Correlation between genome size and total number of predicted tRNA genes in 23 monocot genomes. Summary of the predicted tRNA genes grouped by codons and amino acid specificity from the genomes of A. comosus, C. cristatella, C. scoparia, J. effusus, J. inflexus, M. balbisiana, O. sativa, and S. bicolor. There were 13 isoacceptors that were not represented among any of these 8 species (Fig. 5, Supplementary Table 5). Carex cristatella and C. scoparia had tRNAHis(ATG) and tRNAPro(GGG) genes that were not found in the other species. Juncus effusus and J. inflexus contained tRNAIle(GAT) and tRNAThr(GGT) genes that were missing from the other monocots analyzed here. The Carex and Juncus species all contained a single tRNAVal(GAC) gene that was absent from the A. comosus, M. balbisiana, O. sativa, and S. bicolor genomes.
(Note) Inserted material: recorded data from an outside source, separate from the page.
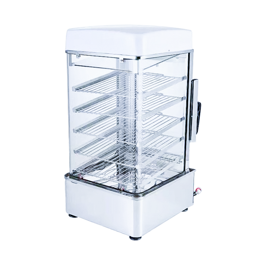 Electric Bun Steamer adalah peralatan komersial yang berfungsi sebagai kabinet penghangat dan pengukus pajangan untuk menjaga roti, buns (bakpao), atau makanan sejenis tetap panas, lembap, dan siap saji. Mesin ini umum ditemukan di restoran, kantin, atau toko makanan cepat saji.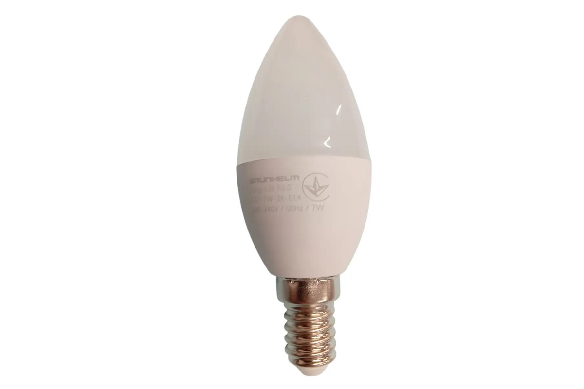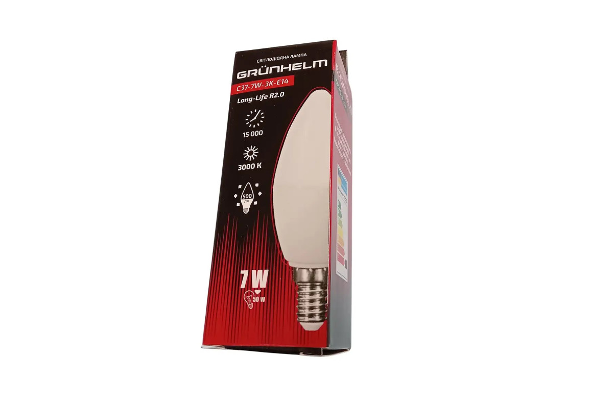 12 місяцівЛампа LED - C37-7W-3K-E14 Long-Life R2.0 Grunhelm заощадить від 900 кВт/год. за весь строк служби лампи. Не містить ртуті, безпечна для дітей і дорослих.
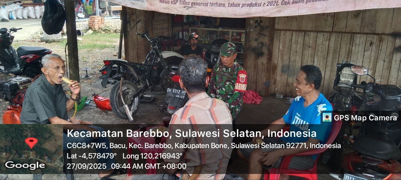 BONE – Babinsa Koramil 1407-11/Barebbo laksanakan komunikasi sosial dengan warga desa binaan tepatnya di Desa Bacu, kecamatan Barebbo, kabupaten Bone. Sabtu siang (27/09/25)

This indicates despite the conservation of the majority of tRNA genes in monocots, there is a certain degree of presence/absence variation of individual tRNA genes across species.

Satellite repeat analysis

Within each species, the 3 largest satellite repeat families, as measured by total length, were identified by clustering similar repeat sequences recognized by TRF (Supplementary Table 7). These large satellite repeat families composed 3.2–9.5% of the genomes from these 4 species (Table 4). In C. cristatella and C. scoparia, the 3 largest satellite repeat families had nearly identical consensus sequences (Supplementary Table 7). The Carex satellite repeat families (CR1, CR2, and CR3) have remarkably similar numbers of repeat instances, average size, and total length within C. cristatella and C. scoparia. These Carex repeat families have period lengths of 31, 29, and 30 bases, respectively, although higher-order period lengths were recognized by TRF for each of these Carex repeats (Supplementary Files 1–6). The repeat CR1 in particular had higher-order repeats of 61, 93, 124, and 248 bases. Mapping of the CR1, CR2, and CR3 repeats shows that instances of all of these repeats are generally spread randomly across all chromosomes. There are few instances of these repeats clustering in the same chromosomal regions (Fig. 6). Similarly, the 3 largest satellite repeat families in J. effusus and J. inflexus were also nearly identical between the 2 species (Supplementary Table 7). The Juncus satellite repeat families (JR1, JR2, and JR3) had predominant periods of 155, 181, and 364 bases, respectively, but higher- and lower-order repeats were also found within these families (Supplementary Files 7–12). The Juncus repeats were largely clustered in a single location on each chromosome, but there were also sporadic instances of repeats from each family throughout the Juncus genomes (Fig. 6). Clusters of instances of the JR1 and JR2 repeats are similarly frequent across the J. inflexus genome, but the JR3 repeats are infrequently found near JR1 and JR2 repeats in J. inflexus. This is in stark contrast with the distribution of these repeats in J. effusus where clusters containing 2 or 3 of these repeat families are very common.

Fig. 6.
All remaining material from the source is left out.